They dodge. They hedge. And, yes, they sometimes even fib — or at least flip-flop.
Presidential aspirants dreaming of the White House while running for reelection to congressional or state posts often face an uncomfortable question: Whatever your higher hopes — and the timing they might demand — will you commit to serving out a full term for the folks who vote for you now?
Some, like Florida Republican Gov. Ron DeSantis, evade the question, as he did at a Monday night debate. Rather than answer directly whether he might leave the state, he took a dig at both President Joe Biden and his own Democratic opponent, Rep. Charlie Crist, whom he called “the only worn-out old donkey I’m looking to put out to pasture.”
Others, like South Dakota Gov. Kristi Noem, leave wiggle room, saying her “plans” are to serve for four more years.
Not so long ago, there also was Illinois Sen. Barack Obama, who famously pledged, “I will serve out my full six-year term,” only to announce his presidential bid 13 months later. He had just won his seat when he made the vow and wasn't facing imminent reelection.
It's always a high-stakes question, though, and one that often makes for awkward answers — especially when political circumstances are ever-shifting.
“You don’t run for president unless you’ve got completely unabashed ambition. Some people hide it better than others," said Reed Galen, deputy campaign manager for John McCain’s 2008 presidential campaign against Obama. He's co-founder of The Lincoln Project, a GOP group opposing former President Donald Trump, who himself is poised to seek the presidency again in 2024.
DeSantis' carefully crafted dodge at Monday's debate both sidestepped the question and offered a chance to swipe at Biden, the oldest president in history. DeSantis is favored for reelection and may mount a 2024 presidential run as a GOP primary alternative to Trump.
Amid speculation that she could mount her own White House bid, Noem recently told The Associated Press, “I am running to be reelected as governor. My plans are to stay here for four years. Absolutely. That’s what I want to do.”

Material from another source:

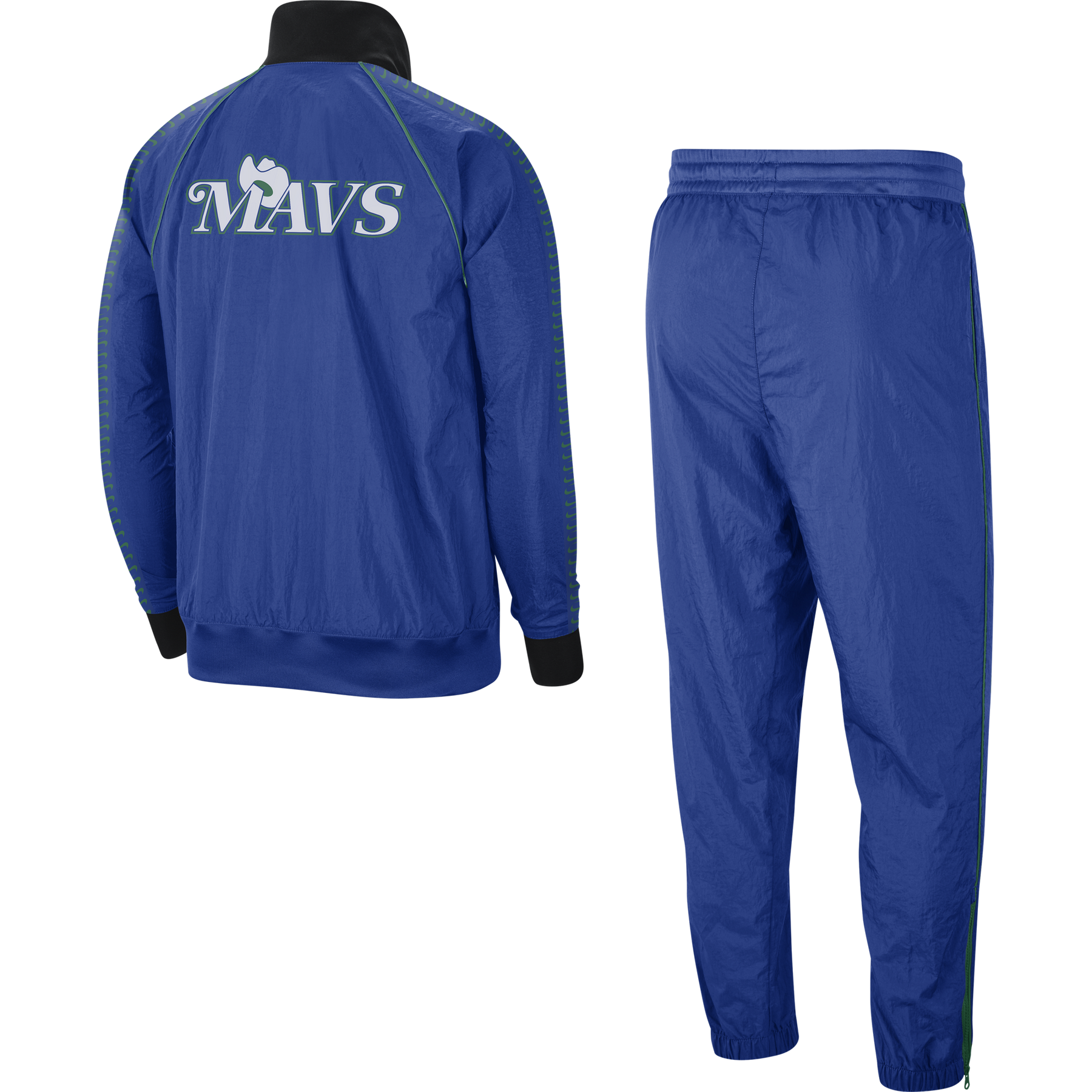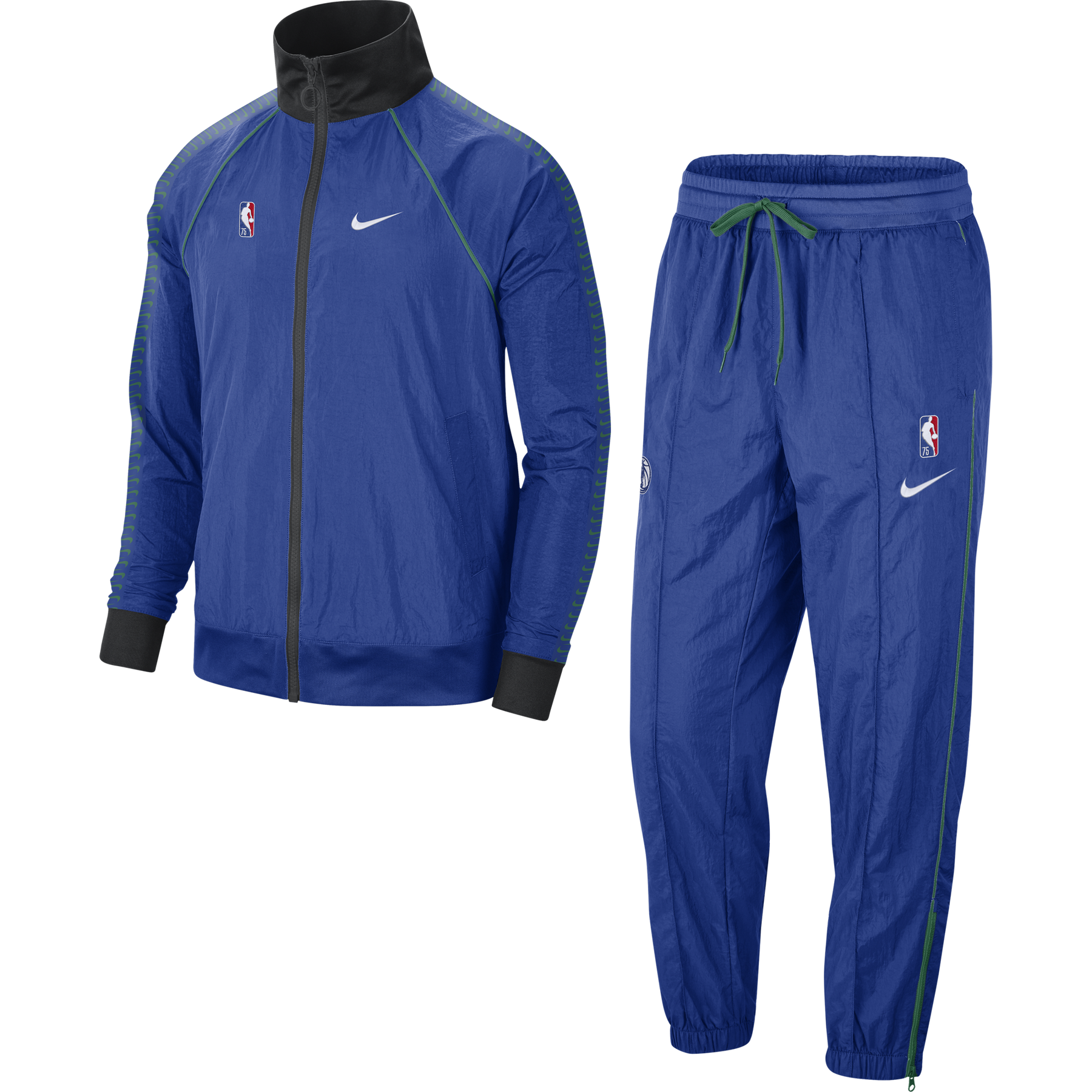 Move to the beat of the NBA in the Dallas Mavericks Courtside Nike Tracksuit. Made from crinkly woven materials, it's lined with comfortable mesh and embellished with a mix of print and embroidery, piping detail and graphic tape along the shoulders. Colors hook to the team's new Mixtape Edition uniform—a new offering for the league's 75th anniversary season.

Others have taken a different tack. California Gov. Gavin Newsom declared last weekend that he would serve his full four-year term should he win reelection, as expected. That’s despite Newsom sparking speculation about a 2024 presidential run should Biden not seek reelection, running ads slamming Republican leadership in Florida and Texas.
Arizona Republican governor candidate Kari Lake has vowed to serve “eight years as governor” amid chatter she could be a vice presidential candidate for Trump.
But even seemingly ironclad responses don't always hold up.
Obama was elected to the Senate in 2005 and told NBC in January 2006 that he'd serve his full term, adding “I will not” run for president in 2008. He kicked off his presidential bid in February 2007 and eventually bested onetime Democratic primary favorite Hillary Clinton — who herself had forgone a possible presidential run four years earlier, saying she would serve her full term as New York senator.
Democrat Martin O'Malley was Maryland's governor for eight years until 2015, then ran unsuccessfully for president. He suggested governors going back to Jimmy Carter and Bill Clinton saw their presidential aspirations hurt their popularity back home, where voters “can be resentful and twice as hard on a candidate that they’ve grown up with and that they’ve seen.”
“What we call it here in Maryland is the crab pot effect," O'Malley said. "When one crab’s trying to escape out of the pot, the other ones will pull him back in.”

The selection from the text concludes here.